For this exercise, return only the lines in the records below from the one holding "The rest has" through the one holding "本网讯(文/摄 刘安瑶)为帮", including both, exactly as they appear and without pictures.

* [Data shown]

━━━━━━━━━━━━━━━━━━━━━━━━━━━━━━

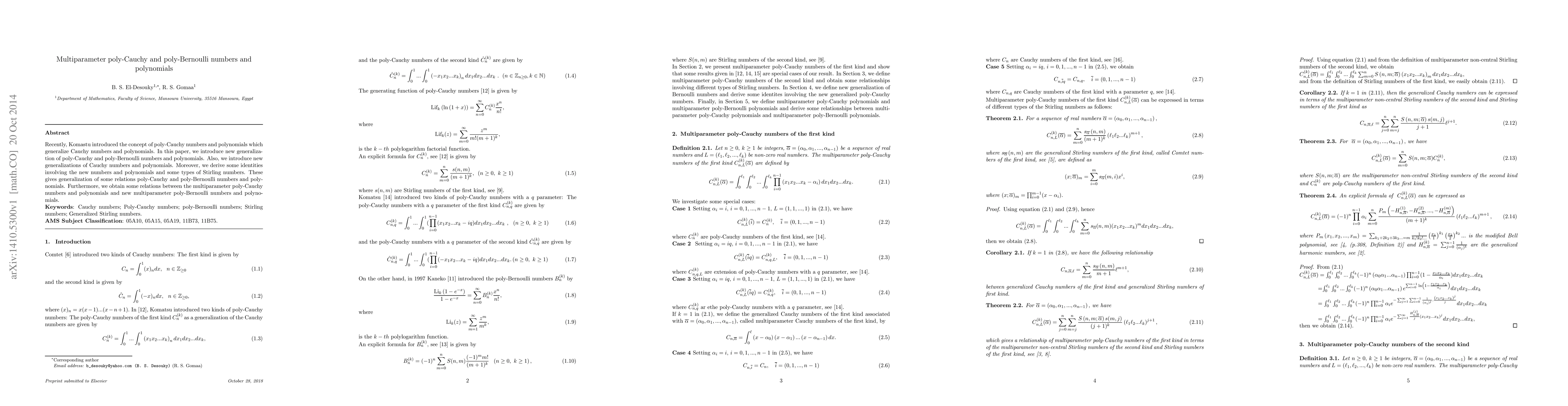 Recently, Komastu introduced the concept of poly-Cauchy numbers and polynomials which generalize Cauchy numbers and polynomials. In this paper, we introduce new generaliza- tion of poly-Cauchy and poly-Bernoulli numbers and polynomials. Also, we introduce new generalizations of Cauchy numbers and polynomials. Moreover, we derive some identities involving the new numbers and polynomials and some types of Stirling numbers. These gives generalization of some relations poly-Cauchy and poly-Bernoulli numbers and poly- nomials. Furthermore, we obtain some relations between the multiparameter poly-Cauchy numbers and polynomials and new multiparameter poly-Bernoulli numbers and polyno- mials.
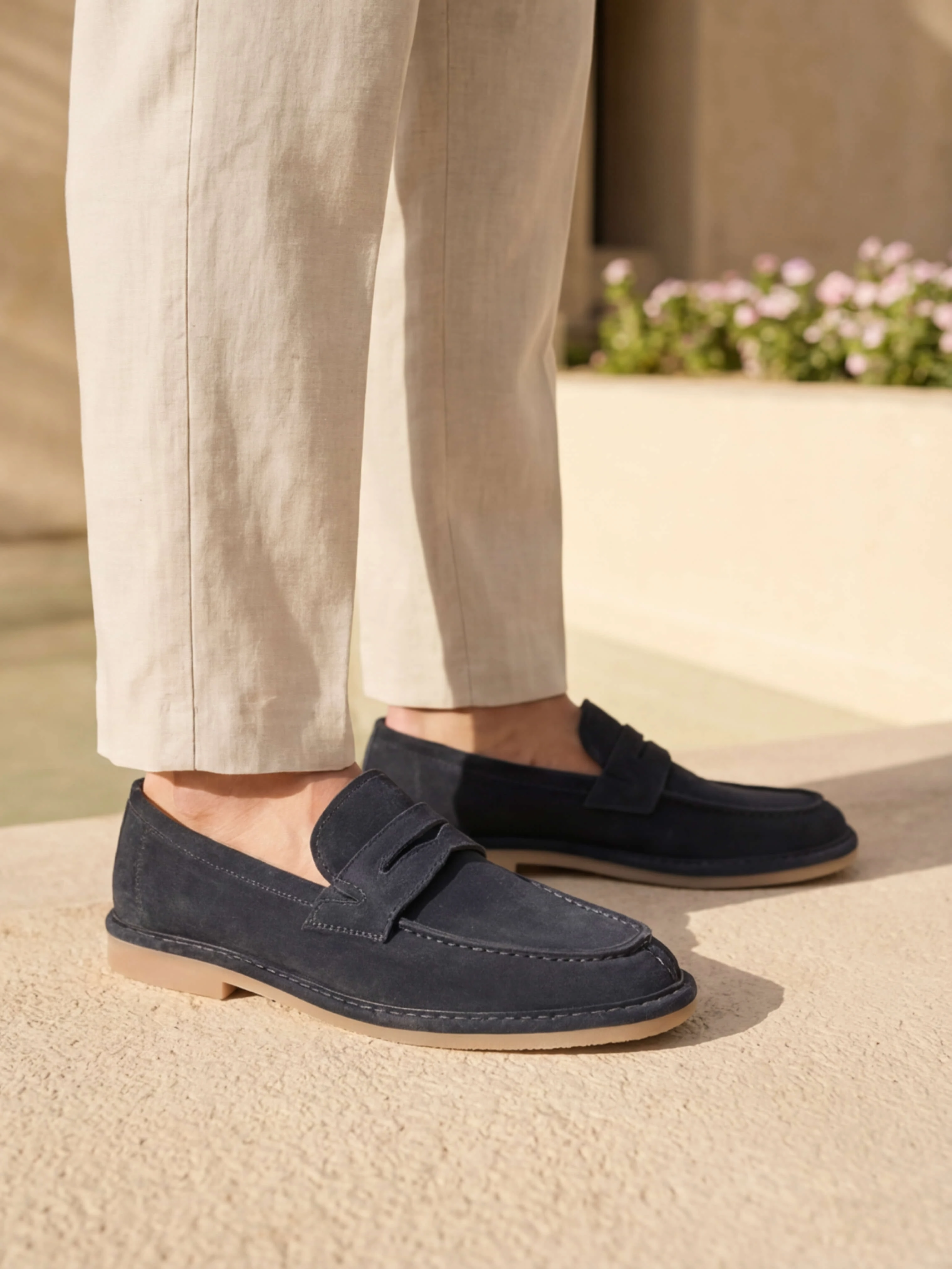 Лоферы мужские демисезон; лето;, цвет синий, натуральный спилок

━━━━━━━━━━━━━━━━━━━━━━━━━━━━━━

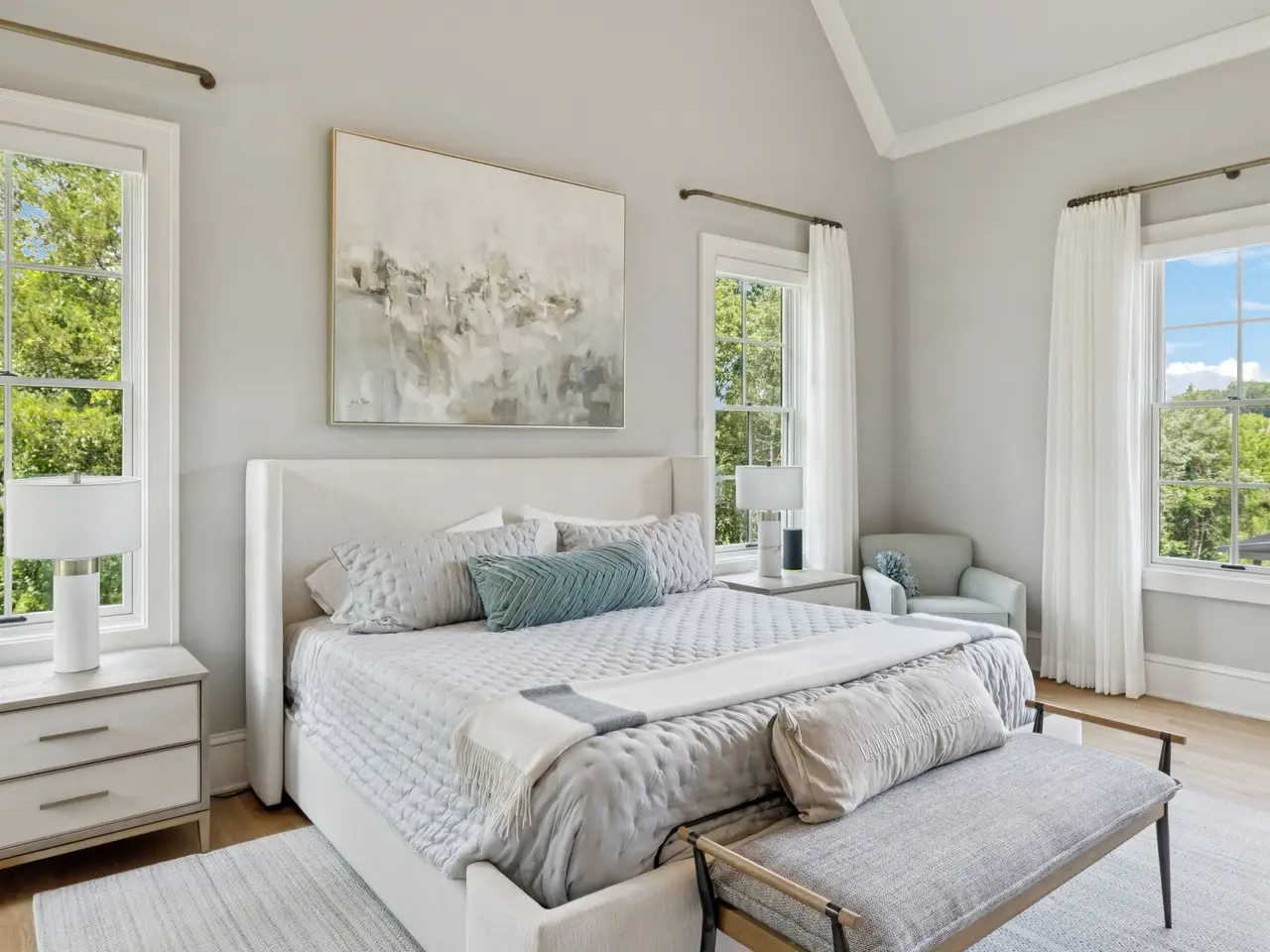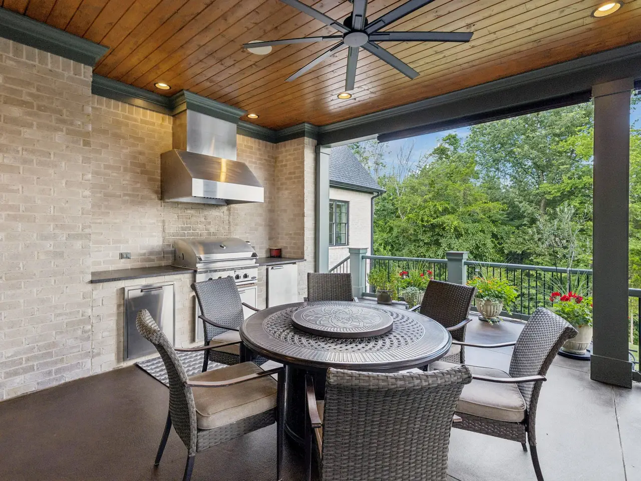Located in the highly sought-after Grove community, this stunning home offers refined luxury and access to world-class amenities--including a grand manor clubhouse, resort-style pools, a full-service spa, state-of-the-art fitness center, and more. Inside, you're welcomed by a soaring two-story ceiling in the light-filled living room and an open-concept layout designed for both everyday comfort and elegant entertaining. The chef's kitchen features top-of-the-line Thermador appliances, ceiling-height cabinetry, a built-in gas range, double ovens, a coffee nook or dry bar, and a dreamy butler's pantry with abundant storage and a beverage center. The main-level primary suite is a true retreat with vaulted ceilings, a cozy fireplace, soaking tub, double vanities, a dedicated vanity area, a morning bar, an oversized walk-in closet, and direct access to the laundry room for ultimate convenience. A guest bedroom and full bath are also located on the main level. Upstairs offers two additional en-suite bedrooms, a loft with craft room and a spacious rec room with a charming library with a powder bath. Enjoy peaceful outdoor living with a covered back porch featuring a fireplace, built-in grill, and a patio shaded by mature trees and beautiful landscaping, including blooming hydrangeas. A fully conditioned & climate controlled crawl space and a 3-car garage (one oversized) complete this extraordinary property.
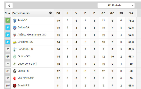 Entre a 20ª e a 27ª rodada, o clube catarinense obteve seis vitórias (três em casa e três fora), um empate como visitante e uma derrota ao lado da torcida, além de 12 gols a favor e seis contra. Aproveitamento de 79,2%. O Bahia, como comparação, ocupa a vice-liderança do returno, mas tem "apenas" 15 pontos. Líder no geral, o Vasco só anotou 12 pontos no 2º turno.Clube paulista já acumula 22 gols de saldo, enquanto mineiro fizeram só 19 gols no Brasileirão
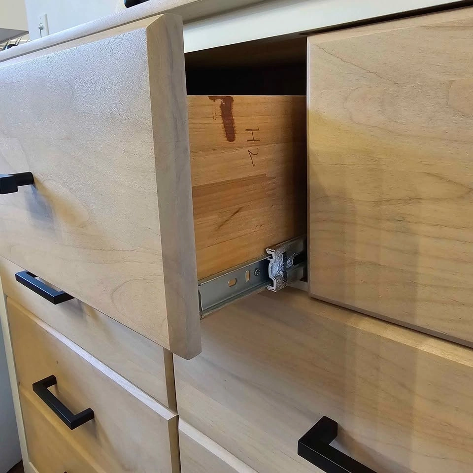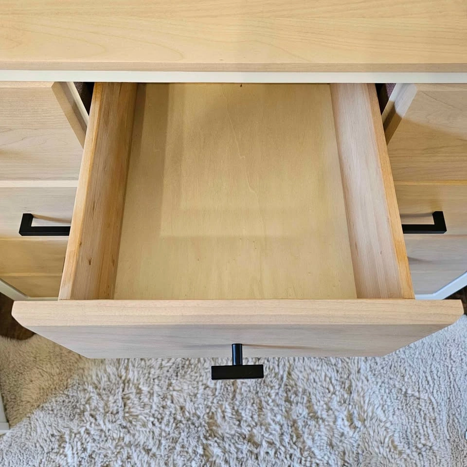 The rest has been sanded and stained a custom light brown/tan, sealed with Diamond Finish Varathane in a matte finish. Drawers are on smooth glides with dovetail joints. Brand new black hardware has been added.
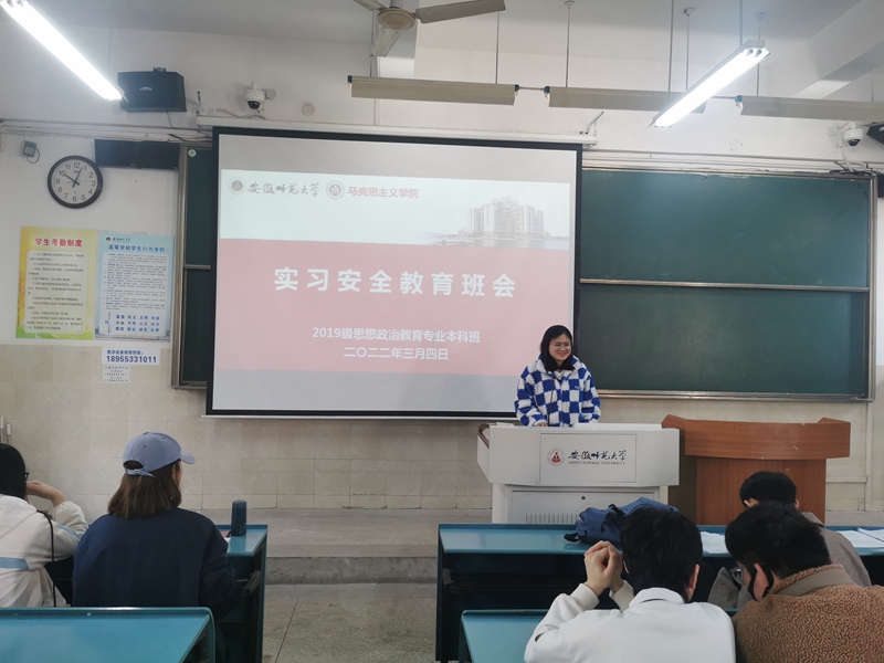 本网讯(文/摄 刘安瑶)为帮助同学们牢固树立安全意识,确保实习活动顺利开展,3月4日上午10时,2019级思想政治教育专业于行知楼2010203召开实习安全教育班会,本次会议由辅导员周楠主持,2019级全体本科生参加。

━━━━━━━━━━━━━━━━━━━━━━━━━━━━━━

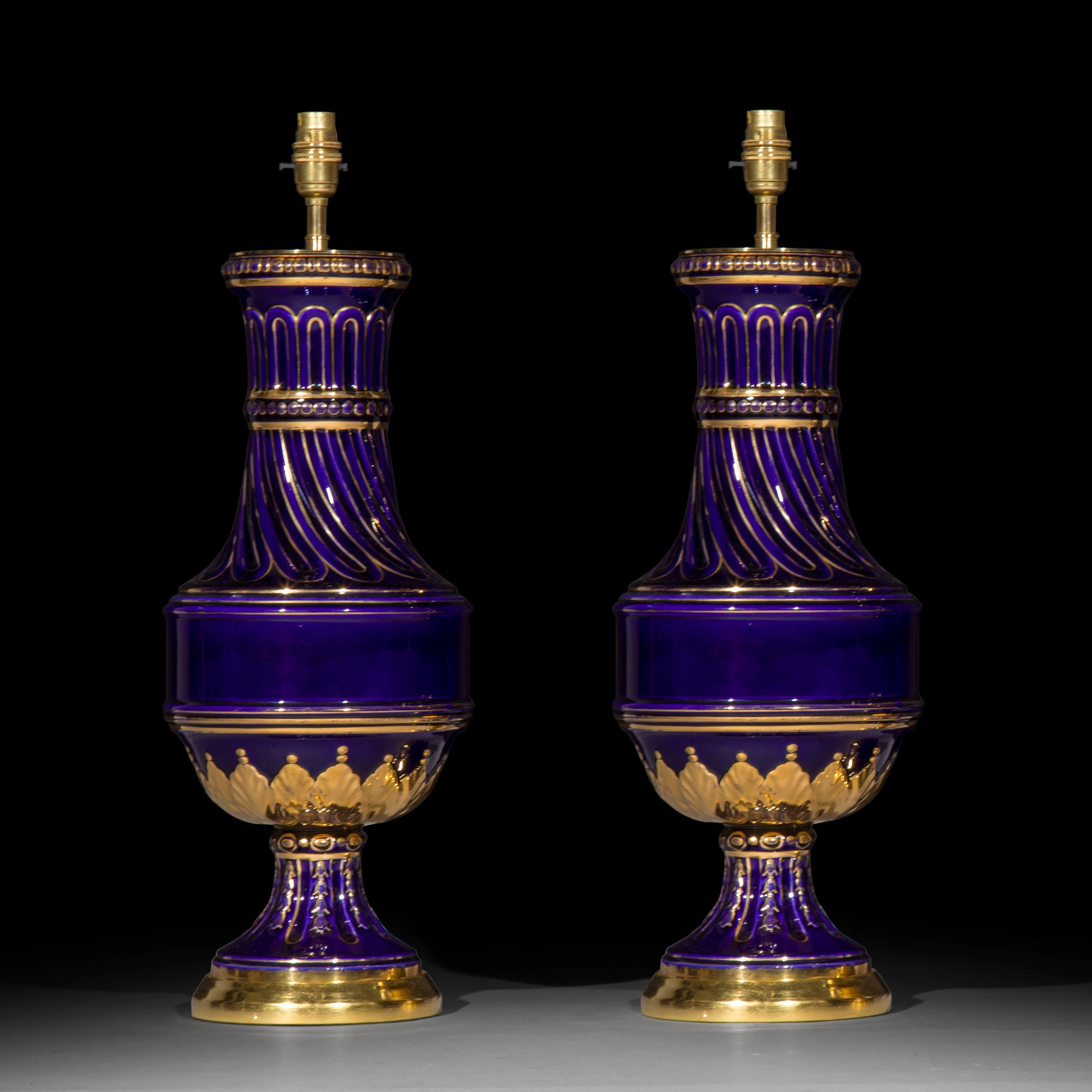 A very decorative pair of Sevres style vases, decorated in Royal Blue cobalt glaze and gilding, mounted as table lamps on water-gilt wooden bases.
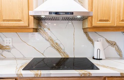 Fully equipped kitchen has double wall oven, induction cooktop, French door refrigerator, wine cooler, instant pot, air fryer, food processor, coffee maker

━━━━━━━━━━━━━━━━━━━━━━━━━━━━━━

* [Exercise output]
 The rest has been sanded and stained a custom light brown/tan, sealed with Diamond Finish Varathane in a matte finish. Drawers are on smooth glides with dovetail joints. Brand new black hardware has been added.
 本网讯(文/摄 刘安瑶)为帮助同学们牢固树立安全意识,确保实习活动顺利开展,3月4日上午10时,2019级思想政治教育专业于行知楼2010203召开实习安全教育班会,本次会议由辅导员周楠主持,2019级全体本科生参加。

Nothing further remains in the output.